The vision of the devil, however, is freedom to become a god and use sexuality as one might please. You are your own driver. You will decide how your life unfolds. You are the captain of your soul, the master of your fate. Hence, sexuality will be used as you please. It is the declaration of independence for the rebellious man. To give up using sexuality as he sees fit is to give up his freedom from God to become his own god. And so the one who would call him back to servitude under his Creator is to be most despised, as, in his mind, this person calls him back to bondage.

The rebellious man only sees law and slavery, not love and the flourishing of life, so he cannot submit to God's purposes for his sexuality unless he himself sees it as desirable.

And this last point is important, simply because one cannot look at a person's proper use of sexuality and assume that he is in submission to God either. It may be that such a man simply desired to use his liberation from God in such a way that just so happens to coincide with God's purposes. But this is rare within our culture; and hence, it often displays an attitude of submission when in conjunction with an attitude of submission to the rest of God's Word; but it cannot merely express that on its own.

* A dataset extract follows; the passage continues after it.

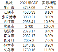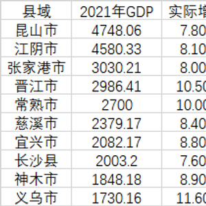 第一财经记者梳理了各经济强县2021年GDP数据后发现,2021年我国GDP十强县分别是昆山、江阴、张家港、晋江、常熟、慈溪、宜兴、长沙县、神木和义乌。其中,昆山连续18年居第一,张家港GDP首次突破3000亿元;另外,西部的神木时隔数年后再度进入前十行列。

But one can look at what is more prominent in our culture, which is the rebellion against God through one's use of sexuality. There is the demonic man screaming for the right to have sex with other men. There is the child of hell, in anger, protesting any move that would protect the unborn child. There is the deceived soul who rolls his eyes at the thought that he should willingly leave his sexual acts open for God to create life through them.

So the topic of sex isn't special because nothing else matters. It's different, however, because it displays something more clearly to us in terms of our attitude toward God. Are we willing to receive correction in the area without becoming annoyed, irritated, hostile? Can a contrary view to the one a person holds be discussed as wrong without the claws coming out? Does pride and the inability to change one's mind evidence the fear of letting go of a self-ruled life?

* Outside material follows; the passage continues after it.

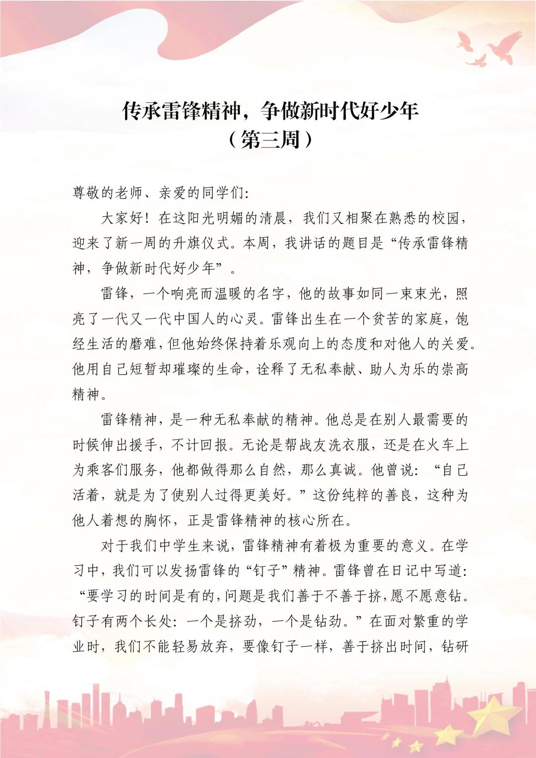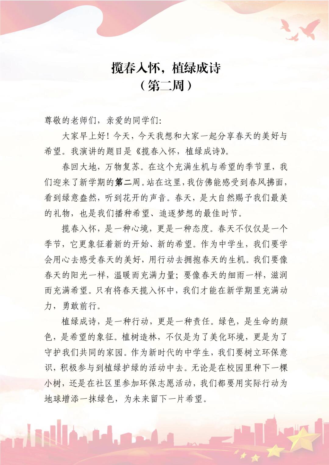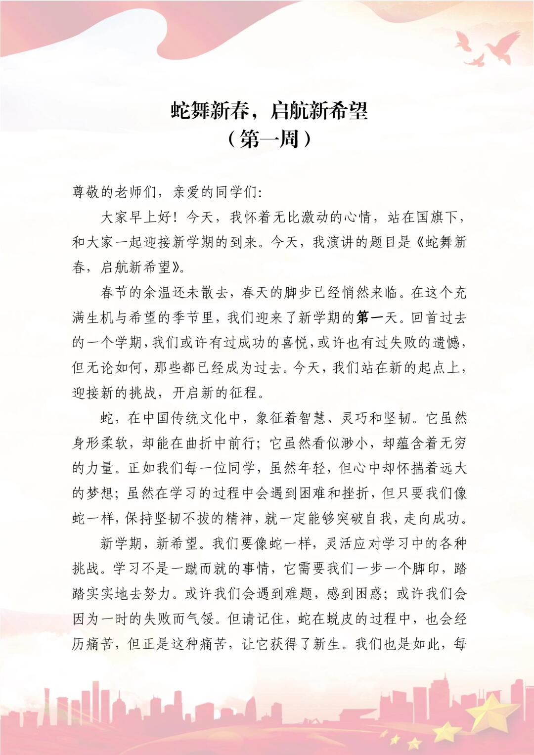 > 2025年春季中学国旗下讲话稿及升旗主题安排

I'm not saying it's wrong to be angry if one is practicing something evil (whether an evil sexual act or a restriction on sex that shouldn't be there); but if one cannot even consider a rebuke in the area without being dismissive, upset, demonically charged, then that is a sure sign that his attitude is not in the right place, and is therefore, in need of redemption via repentance. In other words, if you can't think straight about an issue because you're so emotionally upset by the suggestion that God may condemn certain sexual practices, then maybe you should look at whether you really have given your life over to God in the first place. Don't look to your going to church, doing ministry, singing hymns and saying prayers. None of those are used as evidence of a redeemed life in sanctification passages in the Bible. Sexuality is used as a major sign. Look to that.

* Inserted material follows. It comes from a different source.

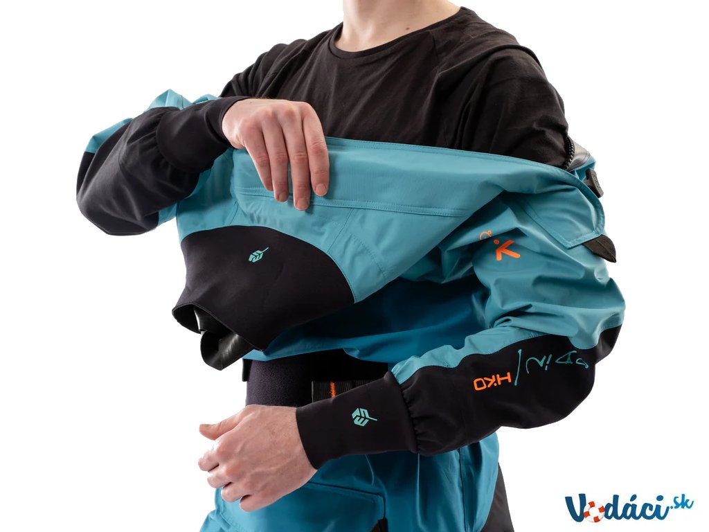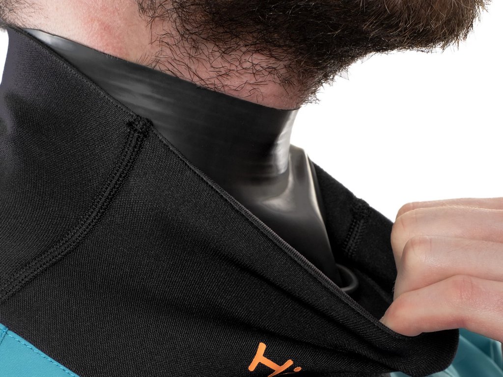 Okolo krku a zápästí je použitá latexová manžeta prekrytá dlhou neoprénovou manžetou ktorá chráni latex a zvyšuje tepelný komfort a vodeodolnosť.

So one can pretty himself up quite well. He can make himself look good in terms of even being a Christian. But look to his attitude toward his original purpose and design by God in terms of how he uses his sexuality, and all that icing that has been smeared over a burned cake will melt away, and that which is in ruin will present itself for all to see. Let not the man who is unredeemed in the bedroom think he is redeemed outside of it.